IN DEM GROSSZÜGIGEN OMEGA FLAGSHIP STORE IN WIEN kann die Markenwelt weitaus tiefer, emotionaler und facettenreicher präsentiert werden, als es ein Onlineshop oder ein Corner bei einem Juwelier je schaffen würde. Er verbindet Geschichte mit Gegenwart, lässt Produkte erlebbar werden und bietet dem Kunden auf zwei Ebenen großzügig angelegte Verkaufs- und Präsentationsbereiche.

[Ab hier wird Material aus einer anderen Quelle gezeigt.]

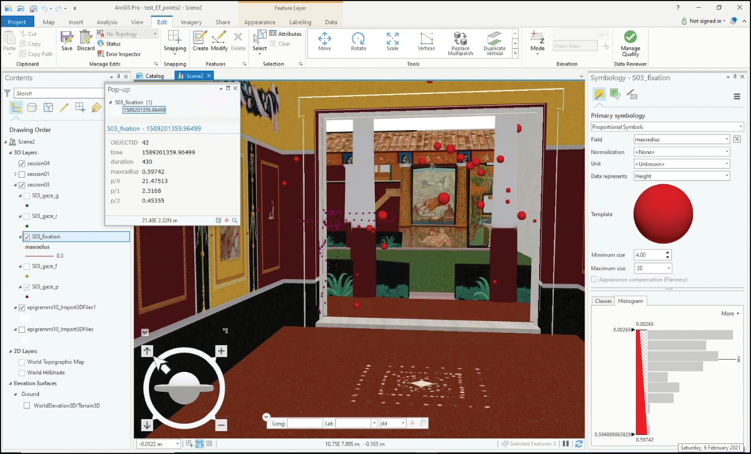 在GIS空间中处理源自虚拟现实眼动仪的数据,可能会为研究和分析人与VR交互提供有趣的新场景(例如,发现光线照明如何影响涂鸦和壁画等元素的观看体验)。

Bilder mit Omega Testimonials wie Nicole Kidman, George Clooney oder Cindy Crawford verleihen den Räumlichkeiten einen Hauch von Glamour.

DIE WAHREN STARS befinden sich allerdings in den zahlreichen Vitrinen und Schaukästen und tragen die Namen Constellation, Speedmaster, Seamaster und De Ville. Das umfangreiche Sortiment umfasst Uhren aller Kollektionen sowie exklusive Zeitmesser, die ausschließlich in den Flagship Stores erhältlich sind. Dieses Angebot wird durch die Fine Jewellery Schmuck-Kollektionen, die Fine Leather Collection sowie das Omega Parfum ergänzt. Alles ist „State of the art“, perfekt inszeniert in modernstem Shop-Design. So spielt das spannende Lichtkonzept der über 400 m2 großen Boutique perfekt auf der Klaviatur des Techno Sensual Makrotrends, der für die globale Verbindung zwischen Tradition und Moderne steht. Wände in „Stucco“-Technik sowie champagner-goldenes Glas verleihen den Räumen Struktur, Anigré-Holz und elfenbeinfarbiges Leder sorgen für extravagante Glamour-Effekte und Wohlfühl-Haptik.

Denn der „neue“ Konsument will digitale Hightech-Welten mit Menschlichkeit im Sinne von Erleben, Natürlichkeit und Sinnlichkeit verknüpfen, und dies lässt sich immer noch dort am besten umsetzen, wo der Mensch in die Welt der Marke eintritt – im Geschäft.